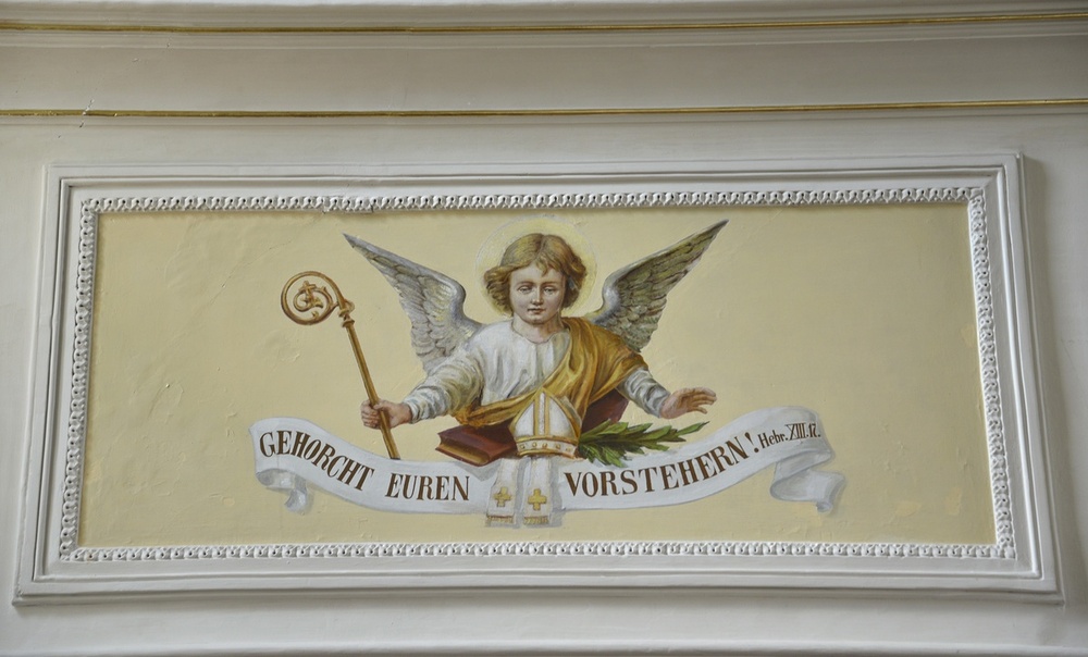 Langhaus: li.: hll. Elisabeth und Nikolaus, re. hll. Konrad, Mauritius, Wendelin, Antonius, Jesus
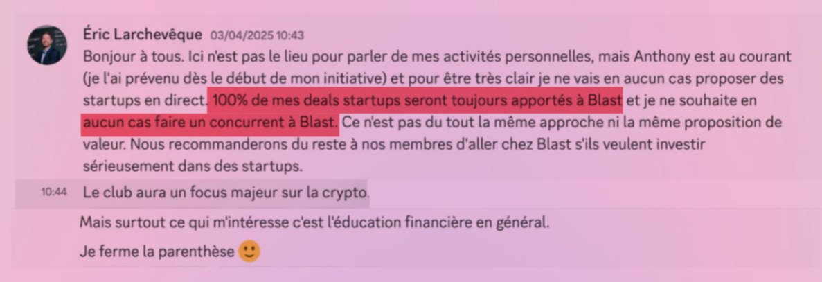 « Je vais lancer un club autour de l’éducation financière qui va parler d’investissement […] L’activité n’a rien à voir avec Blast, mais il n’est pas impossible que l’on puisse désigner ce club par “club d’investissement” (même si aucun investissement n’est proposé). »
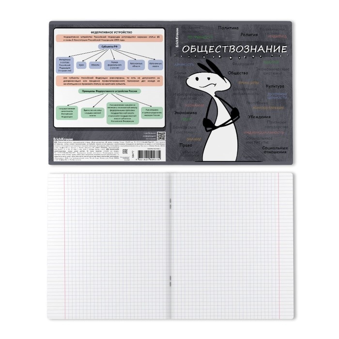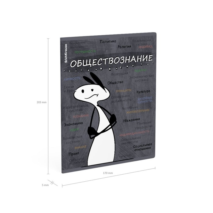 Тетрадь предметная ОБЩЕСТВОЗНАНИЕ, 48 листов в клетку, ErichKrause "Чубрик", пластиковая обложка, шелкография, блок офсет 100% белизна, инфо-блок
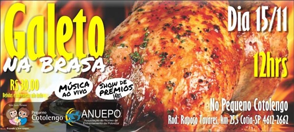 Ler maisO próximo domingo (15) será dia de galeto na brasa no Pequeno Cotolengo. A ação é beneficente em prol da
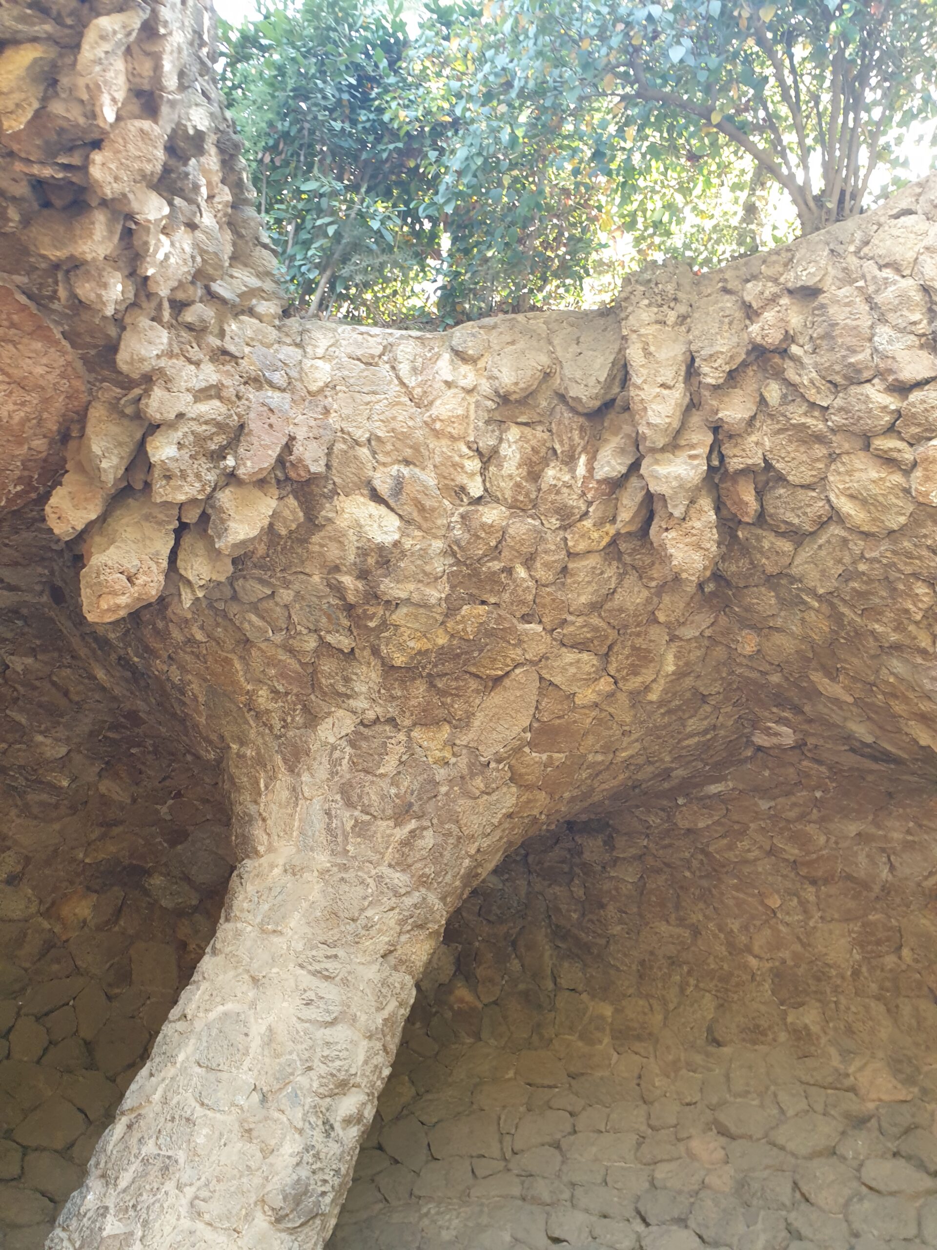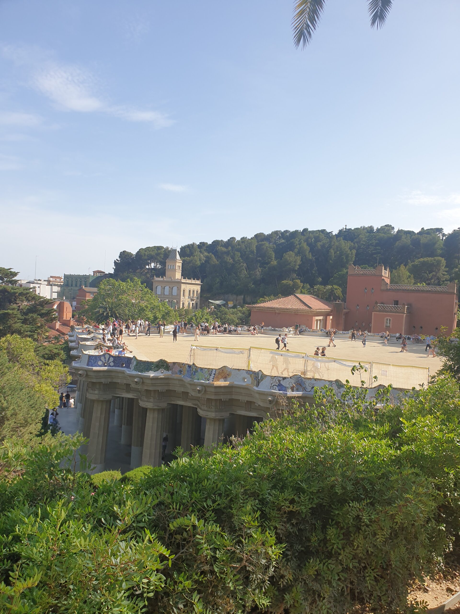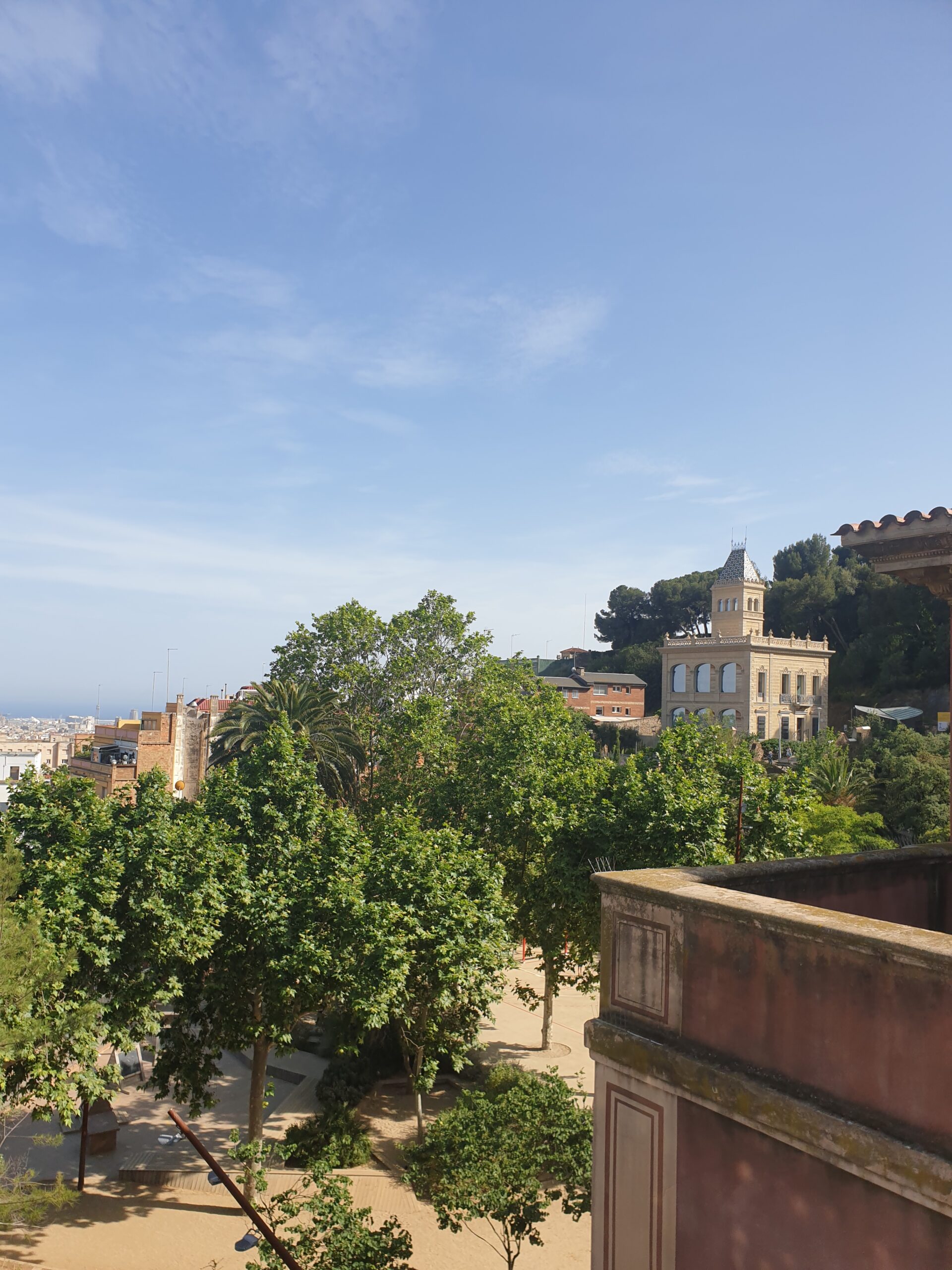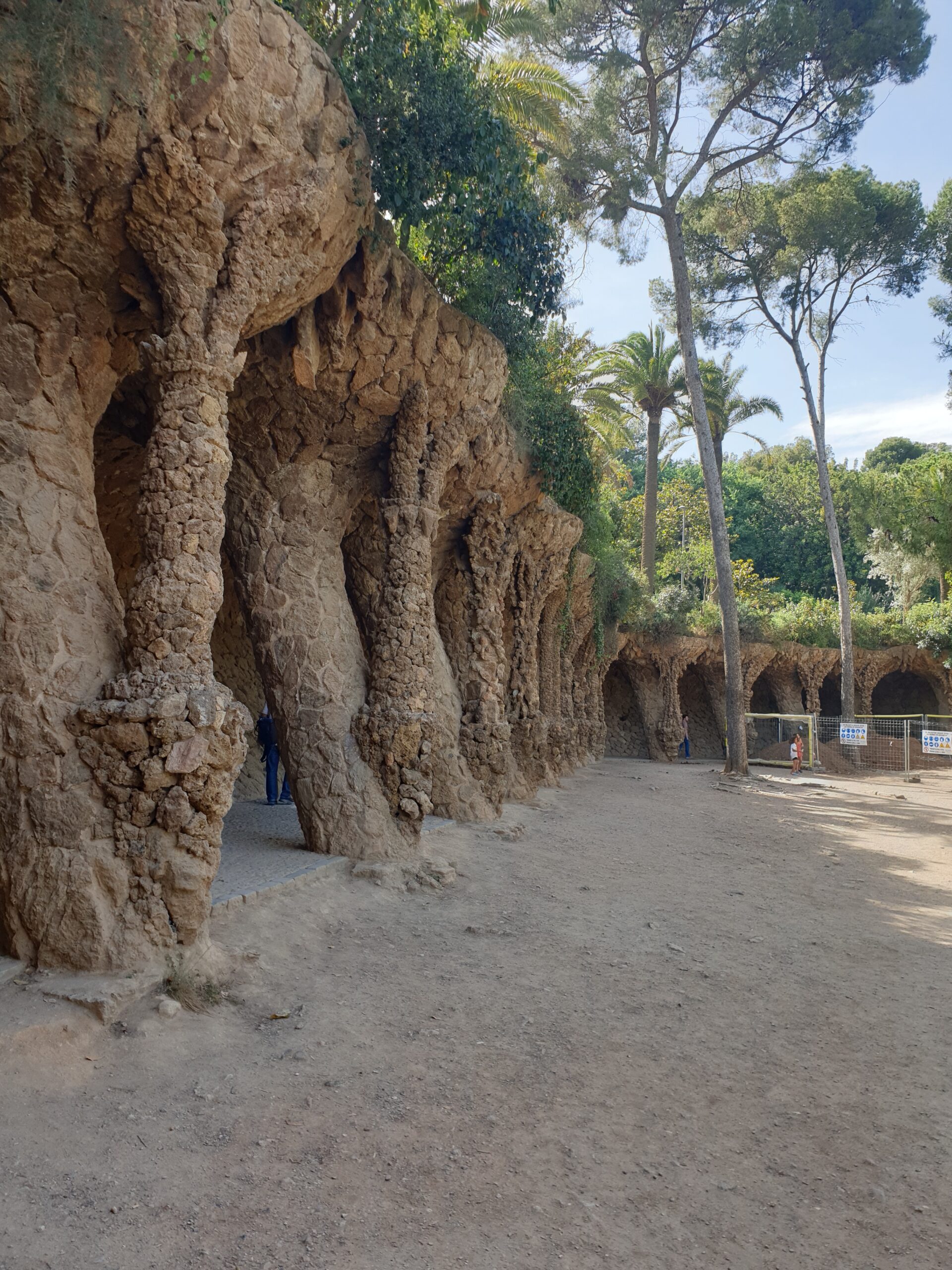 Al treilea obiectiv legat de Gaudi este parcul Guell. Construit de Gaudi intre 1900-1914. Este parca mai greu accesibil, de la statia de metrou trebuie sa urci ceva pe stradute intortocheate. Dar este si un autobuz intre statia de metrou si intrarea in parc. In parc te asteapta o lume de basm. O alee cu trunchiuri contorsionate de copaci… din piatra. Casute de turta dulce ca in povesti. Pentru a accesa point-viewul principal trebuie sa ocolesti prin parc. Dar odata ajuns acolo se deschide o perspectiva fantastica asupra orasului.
--
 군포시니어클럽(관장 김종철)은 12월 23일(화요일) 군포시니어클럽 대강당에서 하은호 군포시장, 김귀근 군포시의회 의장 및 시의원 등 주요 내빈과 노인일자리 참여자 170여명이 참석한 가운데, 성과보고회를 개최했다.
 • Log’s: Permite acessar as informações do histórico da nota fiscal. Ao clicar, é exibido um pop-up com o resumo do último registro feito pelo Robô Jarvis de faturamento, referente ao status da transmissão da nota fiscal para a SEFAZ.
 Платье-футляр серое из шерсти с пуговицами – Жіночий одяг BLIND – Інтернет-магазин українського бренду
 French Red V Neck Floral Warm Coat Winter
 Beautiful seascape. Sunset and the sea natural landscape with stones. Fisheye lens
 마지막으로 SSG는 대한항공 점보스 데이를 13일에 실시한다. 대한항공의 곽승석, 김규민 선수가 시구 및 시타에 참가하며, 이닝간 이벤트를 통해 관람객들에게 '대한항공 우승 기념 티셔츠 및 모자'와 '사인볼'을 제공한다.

=== Directions ===
Reprint exactly the lines above that start at the one with "군포시니어클럽(관장 김종철)은 12월" and end at the one with "para a SEFAZ.", keeping both and adding none.

=== Response area ===
 군포시니어클럽(관장 김종철)은 12월 23일(화요일) 군포시니어클럽 대강당에서 하은호 군포시장, 김귀근 군포시의회 의장 및 시의원 등 주요 내빈과 노인일자리 참여자 170여명이 참석한 가운데, 성과보고회를 개최했다.
 • Log’s: Permite acessar as informações do histórico da nota fiscal. Ao clicar, é exibido um pop-up com o resumo do último registro feito pelo Robô Jarvis de faturamento, referente ao status da transmissão da nota fiscal para a SEFAZ.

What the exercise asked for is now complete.